Await worker.closed or worker.stop() to observe worker loop failures. The handle attaches an internal rejection handler only to prevent unhandled promise warnings.

Execution Options

runlane.worker() options:

Option	Default	Valid with	What it controls
`mode`	`WorkerMode.Poll`	worker	`Poll` keeps scanning until stopped; `Drain` exits when current due work is gone or `maxRuns` is reached.
`queues`	All registered runtime queues	worker, `executeNext()`	Queue definitions this storage-acquisition path may claim from.
`concurrency`	`1`	worker	Local process slots. This is not durable queue capacity.
`emptyPollDelay`	`100ms`	poll worker only	Sleep after an empty storage scan.
`maxRuns`	No limit	drain worker only	Maximum successfully executed runs before drain exits. Lost claims and abandoned attempts do not count.
`leaseDuration`	`contractDefaults.lease.duration` (`5m`)	worker, `executeNext()`	Durable ownership window written when a run is claimed and on each heartbeat.
`heartbeatInterval`	Half of `leaseDuration`	worker, `executeNext()`	How often core writes `run.lease_heartbeat` while user code is still running. Must be shorter than `leaseDuration`.
`maxAttemptDuration`	Task-level `maxAttemptDuration`	worker, `executeNext()`	Maximum wall-clock duration for one claimed attempt. Heartbeats do not extend this deadline.
`onRunExecuted`	None	worker	Worker-local callback after a worker slot persists the run's final state for one attempt. Use runtime Observability for durable run-event telemetry across trigger, maintenance, delivery, and worker paths.
`signal`	None	worker, `executeNext()`	Cooperative stop/cancel signal linked into `TaskContext.signal`.
`workerId`	Runtime worker id	worker, `executeNext()`	Diagnostic owner recorded on leases. It does not route work.

runlane.executeNext(options) accepts the shared storage-acquisition options without worker loop controls:

Option	Default	What it controls
`queues`	All registered runtime queues	Queue definitions this one storage scan may claim from.
`leaseDuration`	`contractDefaults.lease.duration` (`5m`)	Durable ownership window written when a run is claimed and on each heartbeat.
`heartbeatInterval`	Half of `leaseDuration`	How often core writes `run.lease_heartbeat` while user code is still running. Must be shorter than `leaseDuration`.
`maxAttemptDuration`	Task-level `maxAttemptDuration`	Maximum wall-clock duration for this attempt.
`signal`	None	Cooperative cancellation signal linked into `TaskContext.signal`. If already aborted before the scan, `executeNext()` returns `undefined`.
`workerId`	Runtime worker id	Diagnostic owner recorded on leases.

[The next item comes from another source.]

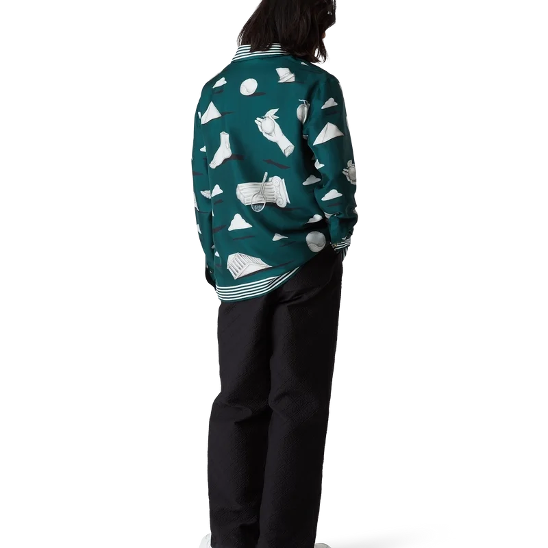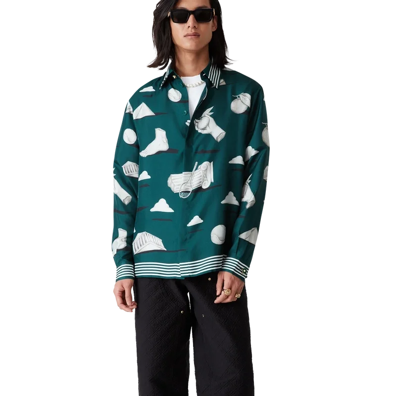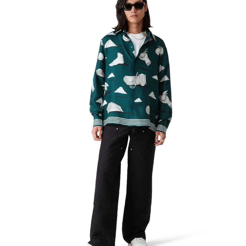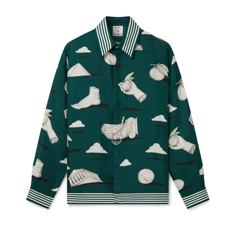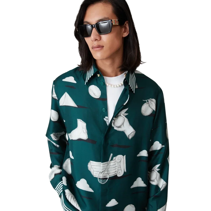 La camisa de seda Metaphysical presenta un diseño estampado en toda la prenda, confeccionada en tejido de sarga de seda, con ilustraciones que representan los elementos de diseño principales. Se completa con botones esmaltados con borde dorado característicos en los puños y el cuello, cierre frontal con botones entrelazados de corozo con las iniciales «CC», cuello en pico y detalles de rayas en el cuello, los puños y el dobladillo.

runlane.executeDelivery(message, options) options:

Option	Default	What it controls
`leaseDuration`	`contractDefaults.lease.duration` (`5m`)	Durable ownership window for this delivered attempt.
`heartbeatInterval`	Half of `leaseDuration`	Heartbeat cadence for this attempt. Must be shorter than `leaseDuration`.
`maxAttemptDuration`	Task-level `maxAttemptDuration`	Maximum wall-clock duration for this delivered attempt.
`signal`	None	Abort signal linked into the task context. If already aborted before claim, delivery rejects so the transport does not acknowledge unhandled work.
`workerId`	Runtime worker id	Diagnostic owner recorded on the run lease.

Acquisition Paths

Plain language:

poll means: "Keep looking for work until I'm told to stop."

Good for EC2, containers, local dev.
If storage has work, execute it.
If storage has no work, wait emptyPollDelay, then check again.
It is a long-running loop.

drain means: "Process whatever is available right now, then exit."

Good for cron/serverless/bounded jobs.
If storage has 10 due runs and concurrency is 2, process them until none are left.
If storage is empty, return immediately.
No sleeping, no idle loop.

executeNext(options) performs one storage scan, tries to claim one currently due run, executes at most one attempt, and returns the final RunRecord for that attempt. If storage has no due work, the signal is already aborted, the candidate run disappears, another worker wins the claim, or the attempt is abandoned after losing lease ownership, it returns undefined. Worker loops keep the reason internally so drain workers can distinguish idle storage from races that should not spend maxRuns.

executeDelivery is different. It should not use drain.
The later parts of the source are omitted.